Al riguardo, la Corte d'Appello di Genova, ritenendo insussistente sia il fumus boni iuris che il periculum in mora, con relativa ordinanza rigettava l'istanza di sospensione della provvisoria esecutività dell'impugnata sentenza di primo grado, ritenendo, quindi non accoglibile la domanda attorea volta all'ottenimento della dichiarazione  di nullità (e/o inefficacia) della licenza per finita locazione, stante la mancata comunicazione della disdetta nel termine di legge con la conseguente intervenuta rinnovazione tacita del contratto locativo già in essere. Nella specie, l'organo giudicante ligure aveva concluso per l'inaccoglibilità dell'istanza attorea ragionando ab origine sull'assunto della piena validità della clausola negoziale statuente, tra le parti, le modalità di cessazione del relativo rapporto alla scadenza contrattuale fissata. Il tutto rilevando, infatti, che “se ogni clausola negoziale sul punto fosse nulla ex lege, qualsiasi sua formulazione (anche come formale disdetta anticipata) non varrebbe a renderla valida”.

In proposito, la Corte territoriale, richiamando una precedente statuizione (sent. n. 11982/1991), aveva quindi ribadito la pacifica possibilità, per il locatore, di comunicare la disdetta del contratto anche con formule differenti da quelle prescritte dalla normativa in materia.

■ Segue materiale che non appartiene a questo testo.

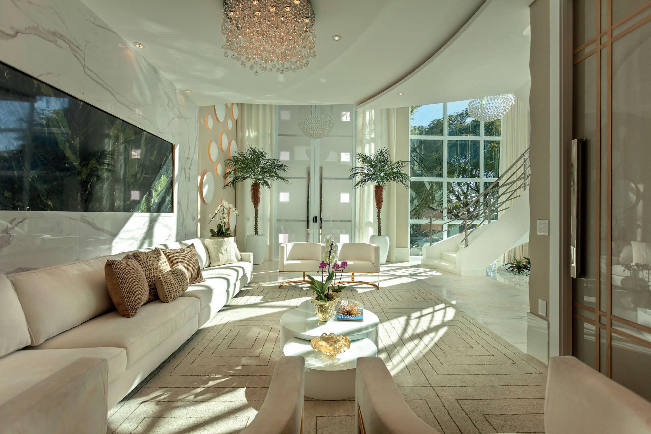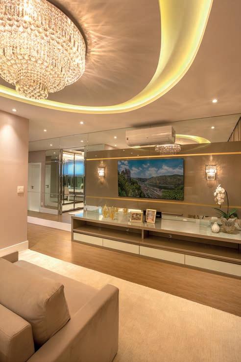 Ao entrarmos, somos recebidos por uma sala com dupla funcionalidade e altíssimos panos de vidro. Ela reúne em um mesmo espaço, a beleza do living e o aconchego da sala de TV. Um grande painel de espelho é o responsável por isolar esta sala da área gourmet, ou promover a integração total destes espaços quando estiver aberto.

Il giudice distrettuale genovese aveva, infatti, affermato che “è di elementare evidenza che il termine […] (contrattualmente) indicato (per la fine della locazione) [...] vale come dies ad quem entro il quale la disdetta deve essere notificata per produrre l'effetto di impedire, alla scadenza di legge, la rinnovazione automatica del rapporto. Ne consegue pacificamente, che derivando la validità dell'atto di disdetta dalla reale efficacia, è valida qualsiasi forma che prima della data indicata […] assicuri la effettiva conoscenza, da parte dell'inquilino, della futura cessazione del rapporto alla sua scadenza”.

Mancando, pertanto, un qualsiasi divieto formale in tal senso l'appellante, nel caso in esame, al fine di ottenere la nullità della clausola sulla disdetta contrattualmente inserita, avrebbe dovuto, per l'organo giudicante, fornire una duplice dimostrazione. Ovvero, questi avrebbe dovuto provare sia la necessaria posteriorità della disdetta (comunque formalmente notificata) al perfezionamento del contratto (o comunque all'inizio della locazione) e sia la lesività dei suoi interessi da inquilino (legalmente tutelati) da parte della clausola contrattuale di cessazione della locazione alternativa alla notifica.

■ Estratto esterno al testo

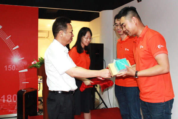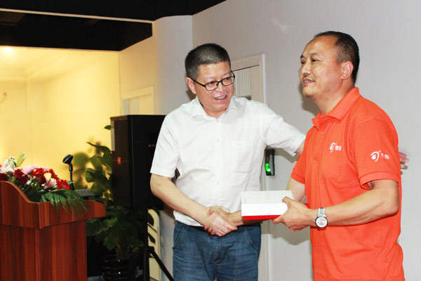 △營銷公司副總經(jīng)理潘健康為渠道優(yōu)質(zhì)客戶開發(fā)能手頒獎(jiǎng)。

Sul punto, però, una smentita alla ricostruzione dell'appellante derivava proprio, per l'organo giudicante, dalla suddetta libertà di forma e validità di ogni atto producente l'effetto di mettere l'inquilino in condizioni di conoscere anticipatamente il mancato rinnovo della locazione alla scadenza pattuita. Indispensabile è quindi solamente - per la Corte d'Appello - che la clausola negoziale della disdetta garantisca in modo inequivocabile l'effettiva conoscibilità della mancata rinnovazione contrattuale da parte del conduttore. Infatti, ad avviso del giudice distrettuale, “se la disdetta si potesse validamente notificare soltanto in qualsiasi tempo intercorrente tra il perfezionamento del contratto (o l'inizio del rapporto) e il termine ad quem […], sarebbe pienamente valida ed efficace quella notificata anche nel primo giorno successivo all'inizio del rapporto, da valere sempre alla scadenza. Ma in tal modo, si riproporrebbero, per l'inquilino, tutti gli inconvenienti, le vessazioni e i pericoli sostanziali che, secondo il ricorrente, deriverebbero dalle contestualità della clausola con il contratto”.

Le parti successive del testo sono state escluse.